Figure 5. Microtubule binding interface of kinesin-4 KLP-12 at α-tubulin.

(A) KLP-12 Arg267 and Lys269 in loop L11 interact with α-tubulin Glu414 and Glu420 in helix H12 and Glu155 in helix H4, respectively. See Video 2 for detail. The interfaces of KIF5B and KIF2C at α-tubulin are available in Figure 4—figure supplement 1. (B) Sequence alignment of the kinesin-4, KIF5B, and KIF2C residues at the interacting area. Interacting residues are marked by squares. (C) Superimposition of Cα chain trace models of the KLP-12 complex (orange) and KIF5B complex (green) at kinesin. The rotation direction of α-tubulin between KLP-12 and KIF5B at helices H4, H5, and H12 is illustrated as a red arrow. (D) Superimposition of Cα chain trace models of the KLP-12 complex (orange) and KIF2C complex (cyan) at kinesin.

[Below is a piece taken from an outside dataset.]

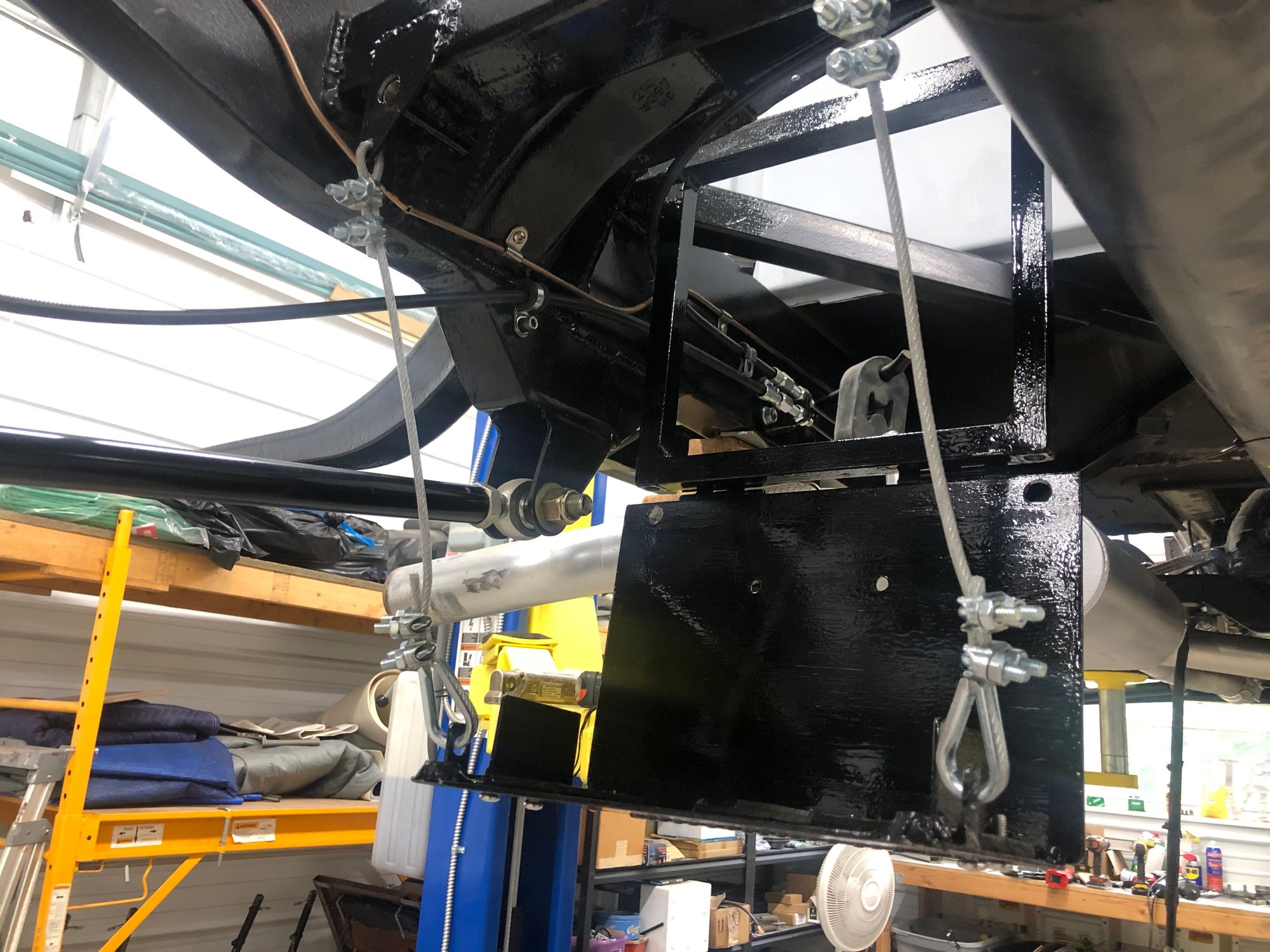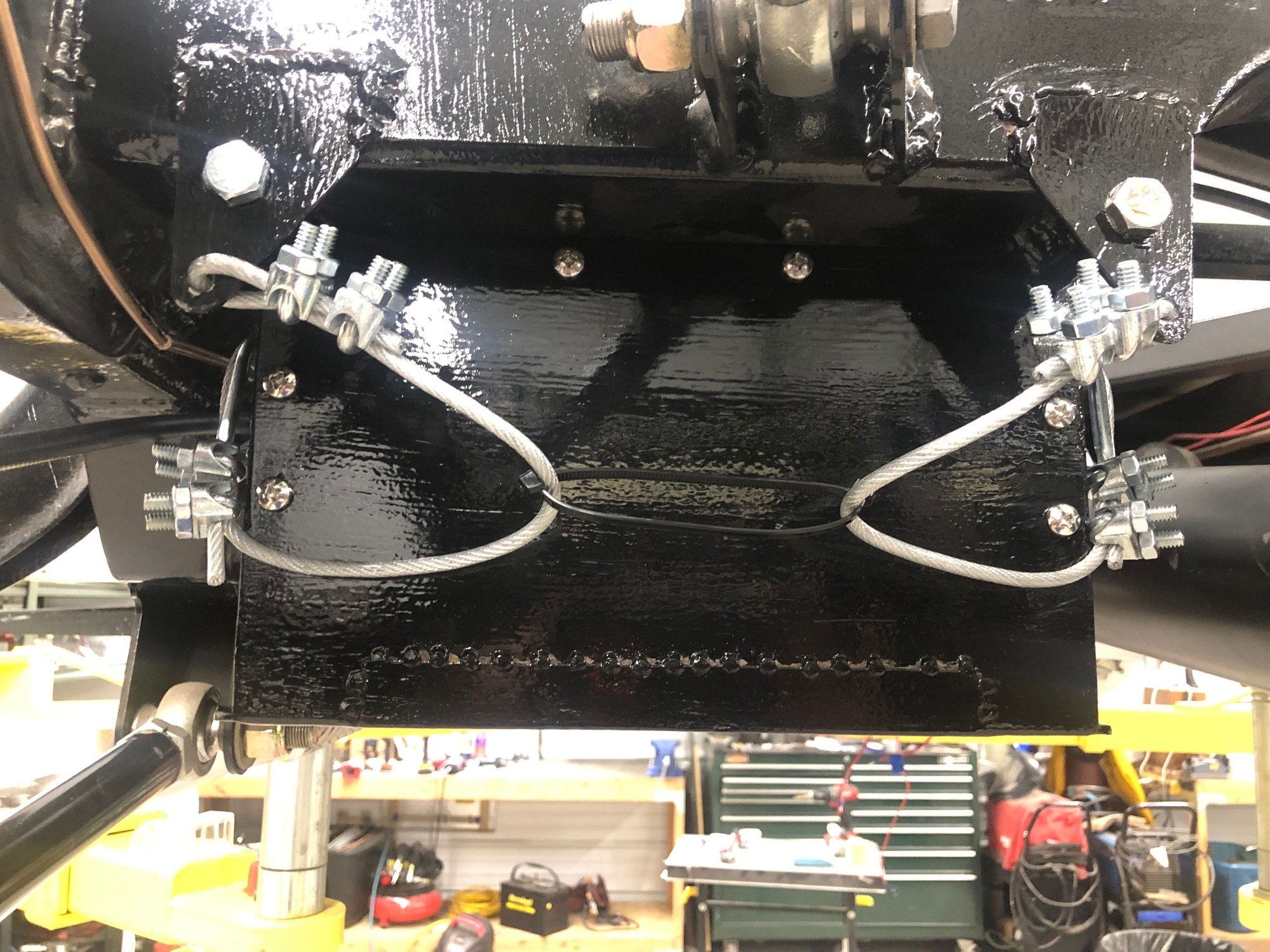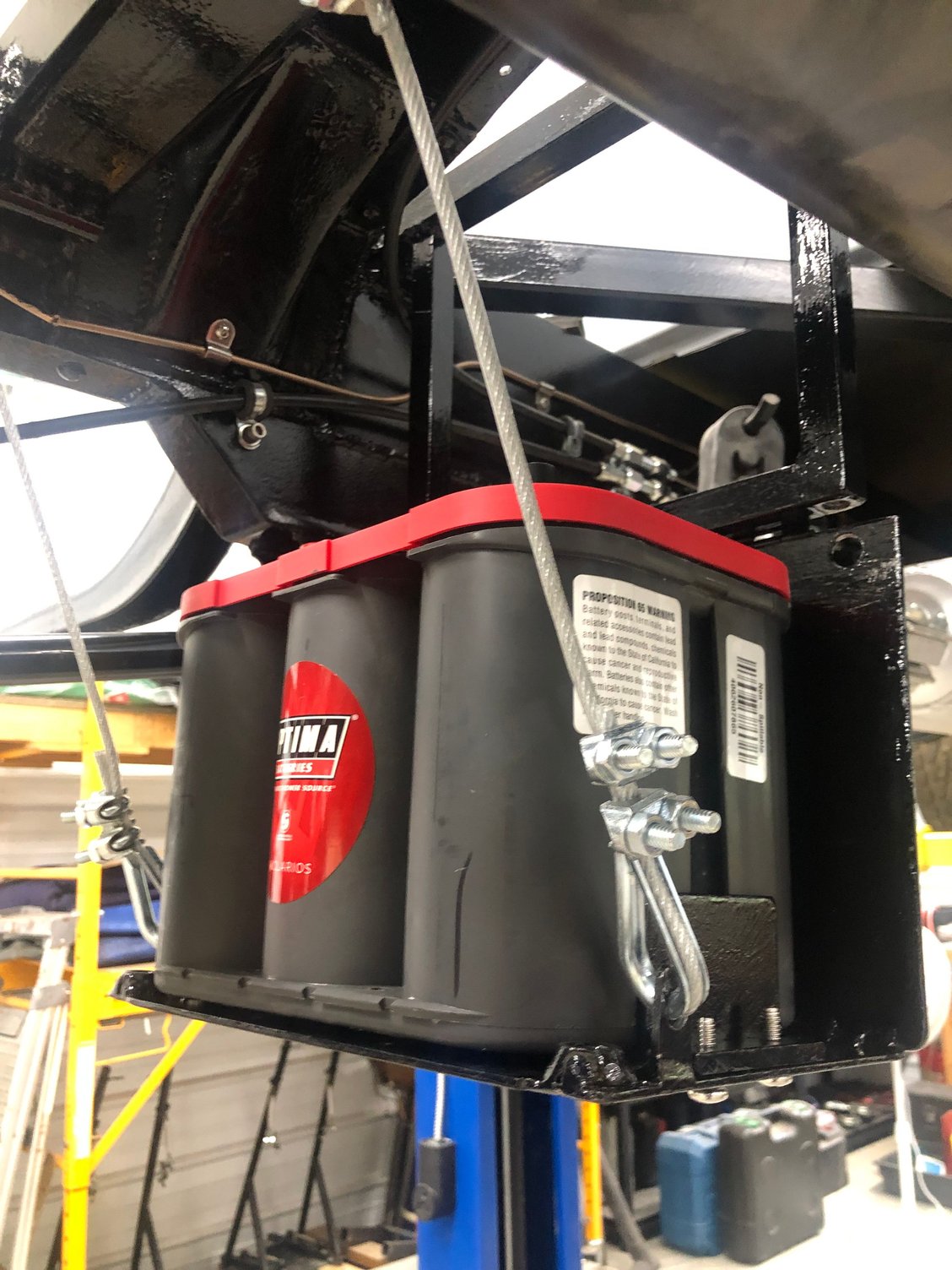 I wanted to mount the battery somewhere other than in the engine compartment and usual places of in the cab, between the running boards and frame didn’t appeal. So ended up finding a spot just in front of the rear triangulated suspension where the battery would fit. Probably have too much time on my hands 😊 but ended up with this setup that can be dropped through 90 degrees to get access. I will be installing additional battery terminals behind the passenger seat for charging and/ or jump start as needed.
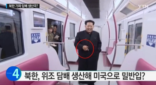 [미디어펜=온라인뉴스팀] 애연가인 북한 김정은 국방위원회 제1위원장이 지하철 객실내에서 담배를 피우다 불붙은 꽁초를 아무 데나 버리는 모습이 포착됐다.

Figure 5—figure supplement 1. Microtubule binding interface of KIF5B and KIF2C at α-tubulin.

(A) KIF5B Lys237 in L11 interacts with α-tubulin Glu414 and Glu420 in H12. (B) KIF2C Lys297 and Val298 in loop L2 KVD motif interact with α-tubulin Glu434 in H12. Arg498 was modeled as alanine in the reported structure (PDB ID: 5MIO). KVD motif residues Lys297, Val298, and Asp299 are displayed.